14 Sir Anthony Clarke MR noted, in reaching that
conclusion, at paras 122–24—
“The issue of what is the
proper test to be applied in interpreting ministerial policy statements has
been considered in a very large number of cases: see Fordham, Judicial Review Handbook, 4th ed (2004),
para 29.5.10, entitled ‘Meaning of policy guidance: whether a hard-edged
question’. The cases cited show a range of different approaches. For
example, Mr Fordham quotes Sir Thomas Bingham MR in R v Director of Rail Passenger Rail Franchising, ex p Save our Railways:[23]

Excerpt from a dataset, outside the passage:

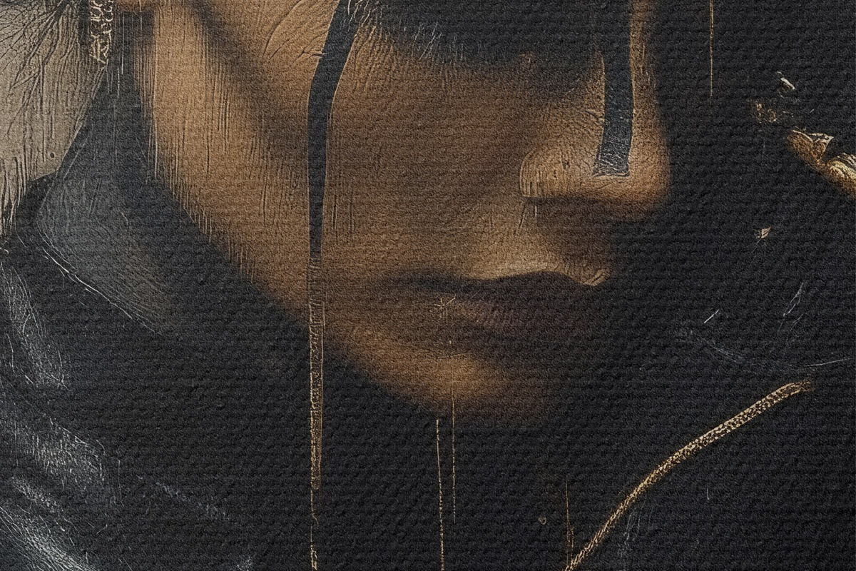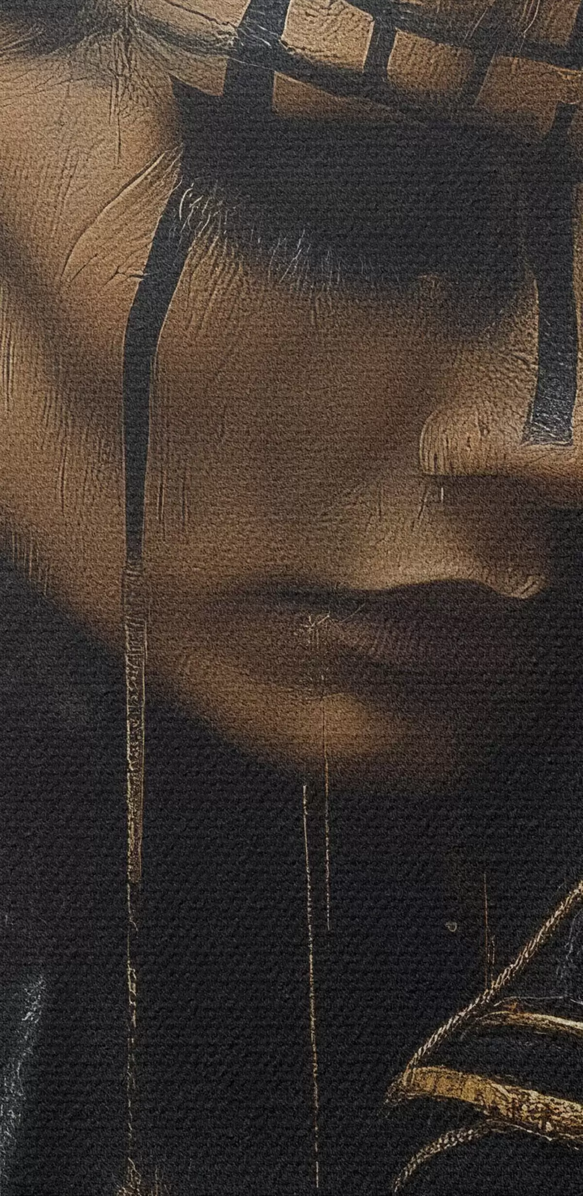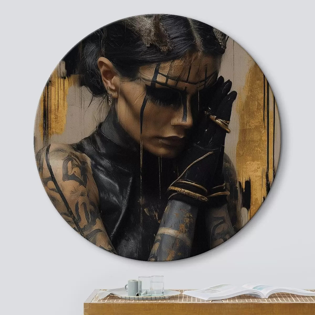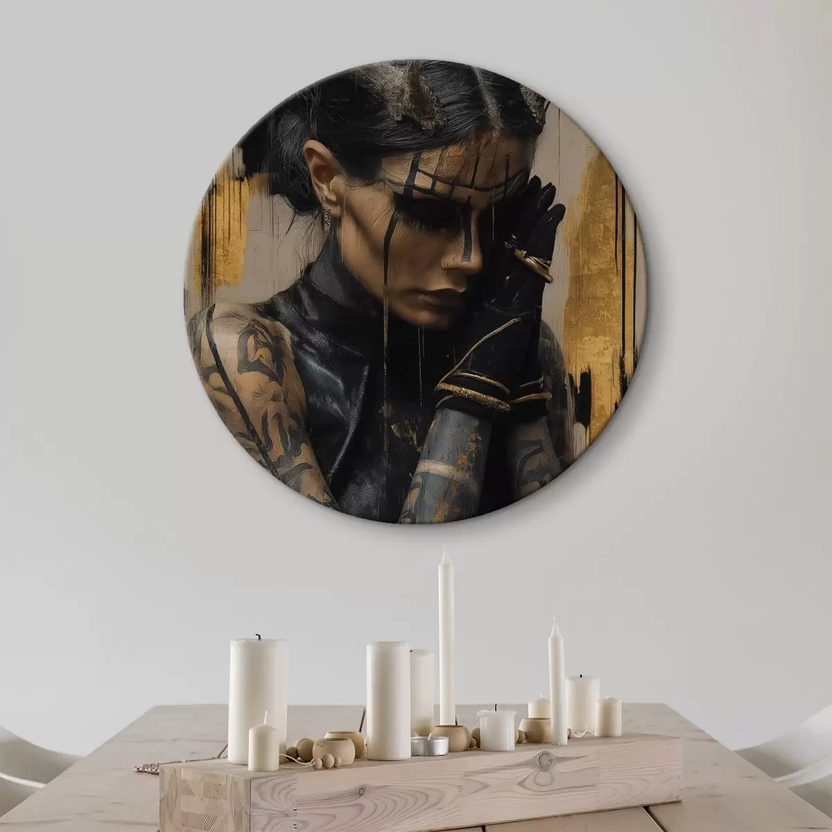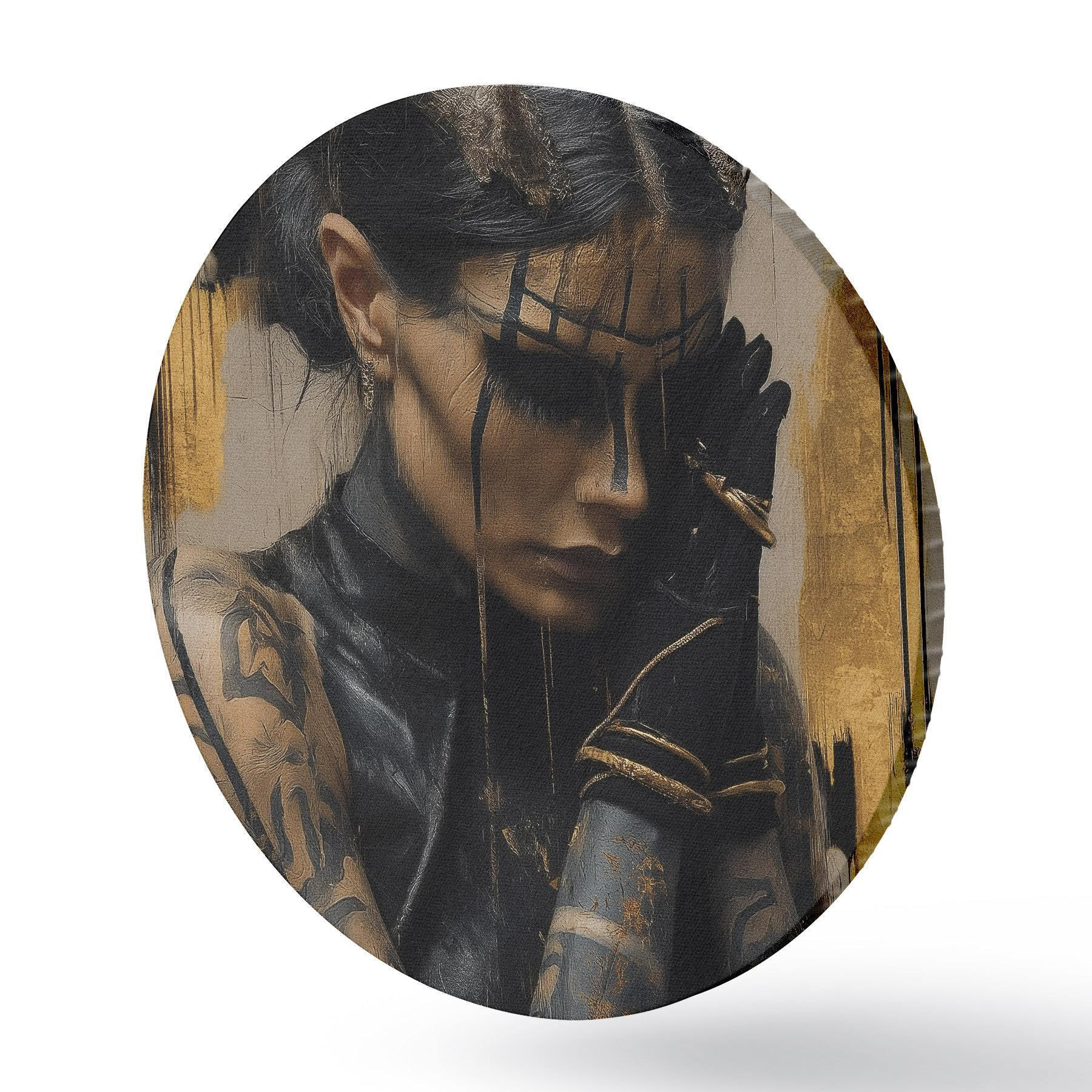 Picturi rotunde Femeie cu coarne, cu o privire întunecată și linii negre pe față Nr r46144
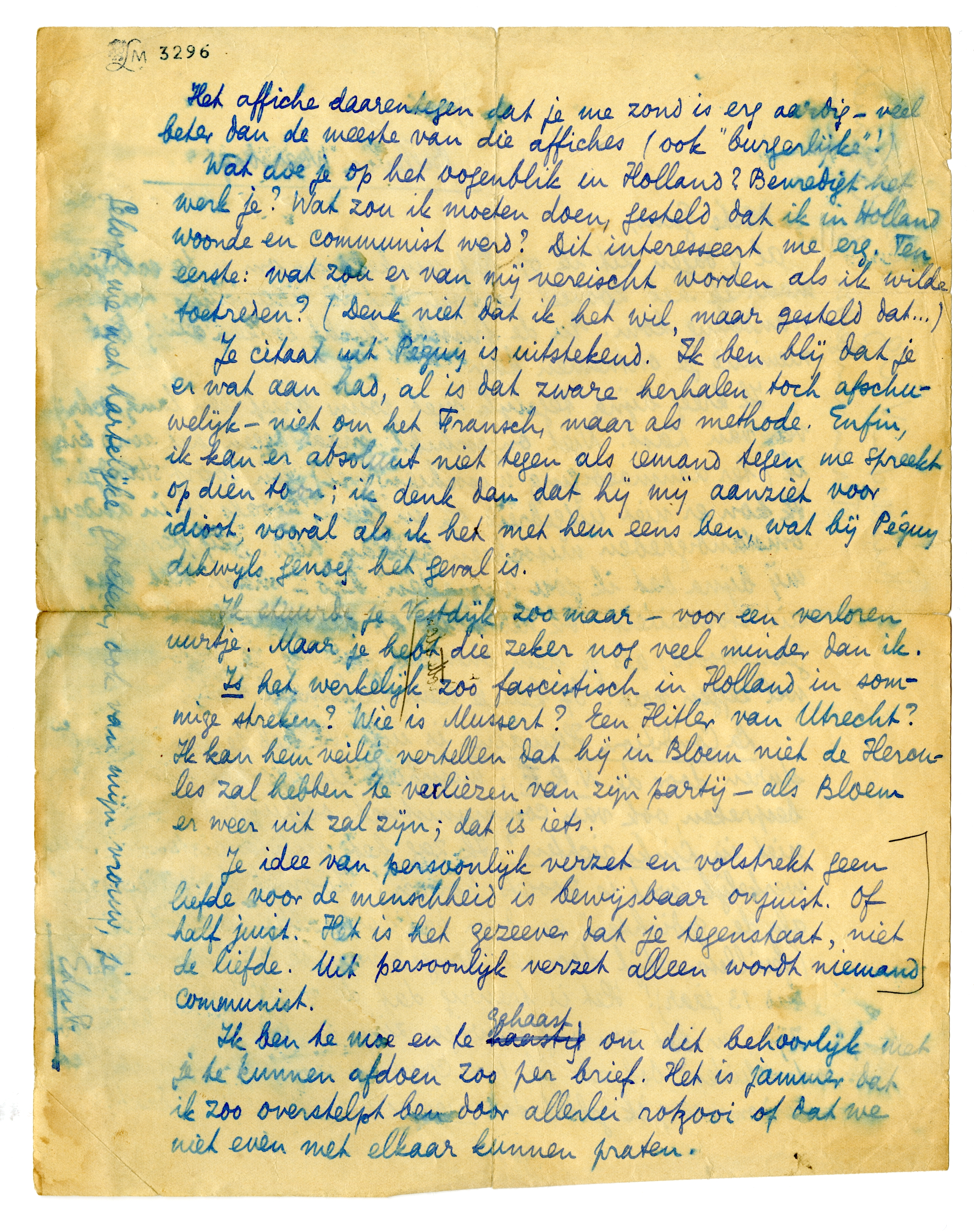 La Condition Humaine is uit. Ik heb je een ex. laten sturen door de N.R.F; misschien kun je het hier of daar bespreken, ook van communistisch oogpunt. (Waarom niet in Links richten?) Ik zag het antifascisten-nr. en werkelijk, wat is zooiets poover! Zoowel de ‘philosophie’ als de ‘gedichten’ en dan dat verhaaltje van Spoor33 (feuilleton-stijl door een jongen van de 1e klas H. BS. oud 13 jaar)! Het is treurig dat de middelen zoo gering zijn; en het zou nog treuriger zijn om de oogen daarvoor te sluiten. Ook als ik 10 x communist was, zou ik dat verdommen; ik geloof dat niemand daarmee is gebaat.

‘The Court ... cannot, in case of dispute, abdicate its responsibility to
give the document its proper meaning. It means what it means, not what anyone
... would like it to mean.’
…
We have some difficulty with the
reasonable meaning approach. One presumes that, if the minister has applied a
meaning to some part of the policy, then the minister, without announcing any
change in the policy, could not in a later case adopt another meaning, arguing
that both meanings are reasonable and it is up to him or her to choose which
meaning to use in any particular case. If that is right, then the reasonable
meaning approach would only benefit the minister when
interpreting the meaning of a particular part of the policy for the first
time.”
Procedural impropriety
15 The basic rules of natural justice or
fairness remain unaltered: there is a flexible standard as to the opportunity
to know the case against one, and to make representations to the decision-maker
where one’s rights or interests are affected by a public law
decision-maker.[24] There is
a right to have a decision taken by a decision-maker who is not only impartial
and independent, but seen to be so.[25]
16 There has, however, been a development in the
concept of legitimate expectation which has both substantive[26] and
procedural dimensions. The latest statement on the latter is of Laws LJ in R (Bhatt Murphy) v Home Secy,[27] to the effect that a claimant who has
enjoyed a benefit or advantage which is then withdrawn, may not have a
substantive expectation that the benefit or advantage will continue, but will
have an expectation of a procedural right:
“the right to make
representations in response to the decision which is identical to the right
afforded in the paradigm case of procedural legitimate expectation, where there
has been a promise or practice by which such an opportunity has been
afforded”.
17 The addition of an obligation to provide a
reason as an adjunct to fairness (albeit not, as yet, divorced from it so as to
enjoy an indignant identity) is well established. A succinct summary can be
found in the speech of Lord Simon Brown in South
Bucks DC v Porter No 1—[28]
“The
reasons for a decision must be intelligible and they must be adequate. They
must enable the reader to understand why the matter was decided as it was, and
what conclusions were reached on the ‘principal important controversial
issues’ disclosing how any issue of law or fact was
resolved. Reasons can be briefly stated, the degree of particularity required
depending entirely on the notion of the issues falling for decision”.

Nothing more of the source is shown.